Ever since she was forced to leave Egypt Bat Ye’or has lived in Europe. She does not intend to leave. She feels old and tired, but she urges young people to continue resisting dhimmi status. “We should not ask the moderate Muslims to save us. We have to change the present situation ourselves. That is our duty to our children and our ancestors.” Her study have made her aware that the destruction of Christian societies by Jihadists has always been brought about by the Christian leaders and churches themselves. “I think that we will not be able to act responsibly so long as we do not understand the dynamics, the spirit, and the functioning of Eurabia, a concept that has been conceived in Europe and by Europeans, and has not been imposed upon us from outside.”

For the whole article.



Also, in the new book Londonistan, by Melanie Phillips:

On the day that four Islamist suicide bombers blew themselves and more than fifty London commuters to bits, the Met’s [Metropolitan Police] deputy assistant commissioner, Brian Paddick, stood before the television cameras and made the noteworthy comment: “As far as I’m concerned Islam and terrorists are two words that do not go together.”

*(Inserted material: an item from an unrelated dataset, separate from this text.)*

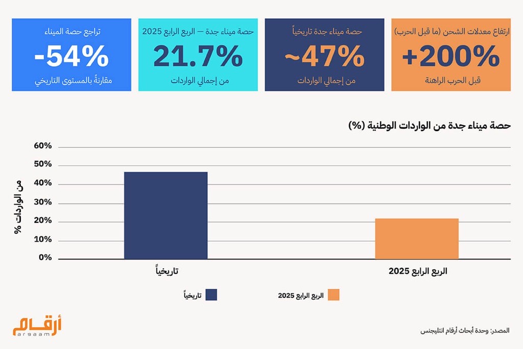 التزامن الذي يُحوّل التحدي إلى عبء مركب حين تأتي هذه الضغوط متفرقة، تملك الشركات عادة ما يكفي من الوقت والموارد للتكيّف. لكن تزامنها في آنٍ واحد هو ما يحوّل الضغط إلى أزمة. أ. اضطرابات سلاسل الإمداد: صدمة التكلفة البنيوية كانت أسعار الشحن قد ارتفعت أكثر من 200% قبيل الحرب الأخيرة. وانخفضت حصة ميناء جدة من الواردات الوطنية من حوالي 47% تاريخياً إلى 21.7% في الربع الرابع 2025 أي أن معظم ما كان يصل مباشرة إلى غرب المملكة بات يسلك مسارات أطول عبر الدمام أو موانئ خليجية بديلة. والمصنع الذي يعمل بنموذج Just-in-Time لا يملك احتياطيا للتعامل مع هذا التأخر، فخط إنتاجه يتوقف قبل أن تصل الشحنة. ![]() ب. إصلاحات تسعير الطاقة: ضغط داخلي مُبرمَج في توقيت غير ملائم الإصلاحات صُمِّمت للتدرّج على سنوات لا للتزامن مع صدمة خارجية. الحرب لم تضف تكاليف طاقة جديدة، لكنها ضغطت الجدول الزمني، فالشركات تستقبل عبء المرحلة الإصلاحية الأخيرة قبل أن تبني الاحتياطيات اللازمة للتكيف. الفارق ليس في حجم التكلفة، بل في توقيتها، فما كان يمكن تحمّله على خمس سنوات قد يُشكّل خطراً حين يتكثّف في عام واحد. ج. ضغط الائتمان: التنافس على السيولة بين الإقراض الخاص وعوامل جذب التمويل الحكومي نسبة القروض إلى الودائع وصلت إلى حوالي 106%، وهو مستوى يجعل البنوك تُدار في وضع تقتير على الائتمان. وانكماش هامش الفائدة إلى 2.73% يعني أن البنك يختار المقترض الآمن والمشاريع الحكومية المضمونة لتتقدم في صف المشروعات المحتملة والمطلوب اقراضها. المصنع الخاص إذن لا يجد الباب مغلقا دائما، لكنه يجده أضيق وأغلى، وهذا وحده كافٍ لتأجيل قرار تحديث أو شراء الآلة الجديدة إلى ربع قادم أهدأ.

He amplified this by saying that, while the bombers may have been Muslim, the crime was not Islamic because Islam forbids the taking of innocent life. That may well be so; but across the world hundreds of thousands of innocent lives have been ended by terrorists who are doing so under the banner of Islam, find justification in Islam for their deeds, and are told by Islamic religious authorities that such actions are a religious duty. At a stroke, therefore, this senior British policeman had denied not only the nature of the atrocity on British soil but the whole basis of the war against the West.